Secret Of The World
Hollywood Anomali
Setelah membahas Hollywood Undercover mari kita bahas Hollywood anomali
Ada hitam ada putih. Demikian pula di Hollywood. Walau studio raksasa ini banyak sekali mengeluarkan film yang mencitra-burukkah Islam, namun ada sejumlah film yang setidaknya memiliki empati terhadap umat Muslimin. Sebut saja film Ar-Risalah (The Message), Lion of the Desert, Kingdom of Heaven, Robin Hood: Prince of Thieves, dan The 13th Warriors. Inilah beberapa anomali yang dihasilkan dari Hollywood:
The Message (1976)
Film garapan sutradara Mesir Mustafa Akkad ini menceritakan tentang sejarah lahir dan tumbuh-kembangnya Islam di masa Nabi Muhammad SAW. Sesuai dengan ajaran Islam, dalam film ini sosok Nabi Muhammad tidak ditampakkan, hanya berupa suara. Mustafa Akkad mengomentari filmnya sendiri, “Film ini sungguh bernilai bagi saya pribadi. Di luar segala perhitungan pembiayaan untuk menghasilkan film ini, ini merupakan suatu sejarah, intrik, sekaligus drama. Dengan film ini saya ingin menjembatani antara Barat dan Timur.”

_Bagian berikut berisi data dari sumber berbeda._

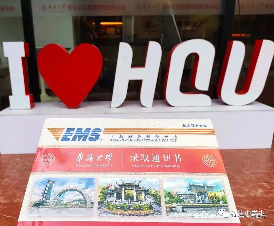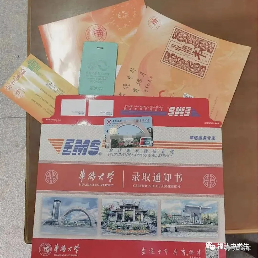 录取通知书信封内装有:录取通知书、中国银行借记卡及密码、2020级入学指南报到注册须知、新生家校联系卡、学生资助政策简介、60周年华大校庆新生行李牌。
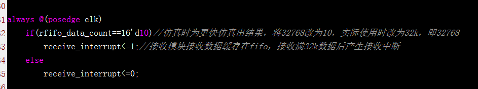 ????????receive_interrupt<=1;//接收模块接收数据缓存在fifo,接收满32k数据后产生接收中断

“Barat sudah seharusnya memahami islam, satu agama yang dipeluk oleh lebih dari 700 juta orang seluruh dunia dan terus bertumbuh dengan pesat,” ujarnya lagi.
Kingdom of Heaven (2005)
Walau film ini mengisahkan Balian of Ibelin (Orlando Bloom), salah seorang Ksatria Perang Salib, tetapi sutradara Sir Ridley Scott menggambarkan Perang Salib secara netral. Bahkan inilah film Barat satu-satunya yang berbicara tentang Perang Salib tanpa pretensi subyektif, semata-mata didasarkan atas sejarah itu sendiri.
Dalam film kolosal yang melibatkan 1.500 figuran orang-orang Maroko sendiri, sosok Salahuddin al-Ayyubi (Ghassan Massoud) digambarkan sebagai seorang panglima perang yang adil, kokoh pendirian, penuh izzah, dan mulia. Salahuddin dan King Baldwin sebagai King Jerusalem ternyata memiliki mimpi yang sama yaitu menjadi Jerusalem sebagai kota milik tiga umat beragama bersama-sama yakni Islam, Nasrani, dan Yahudi. Upaya pertolongan Salahuddin terhadap King Baldwin yang sakit lepra pun ditampilkan.
Di sisi lain, Scott Ridley berhasil menggambarkan dua tokoh Kstaria Templar yakni Reynald de Catthilon dan Guy de Lusignan yang kasar, berangasan, dan doyan perang. Peristiwa Perang Salib pertama hingga futuhnya Yerusalem secara utuh ditampilkan dengan sangat menawan dan mengagumkan.
Bagi yang ingin mengkaji peran Ksatria Templar (Knights Templar) dalam Perang Salib pertama dan juga sosok seorang Salahuddin al-Ayyubi, ada baiknya menjadikan film ini sebagai salah satu referensi.
Robin Hood: The Prince of Thieves (1991)
Cerita film berkisar tentang sosok Robin Hood (Kevin Costner), pahlawan para miskin, yang merampok orang kaya dan membagi-bagikan hasil rampokannya kepada orang-orang tak berpunya.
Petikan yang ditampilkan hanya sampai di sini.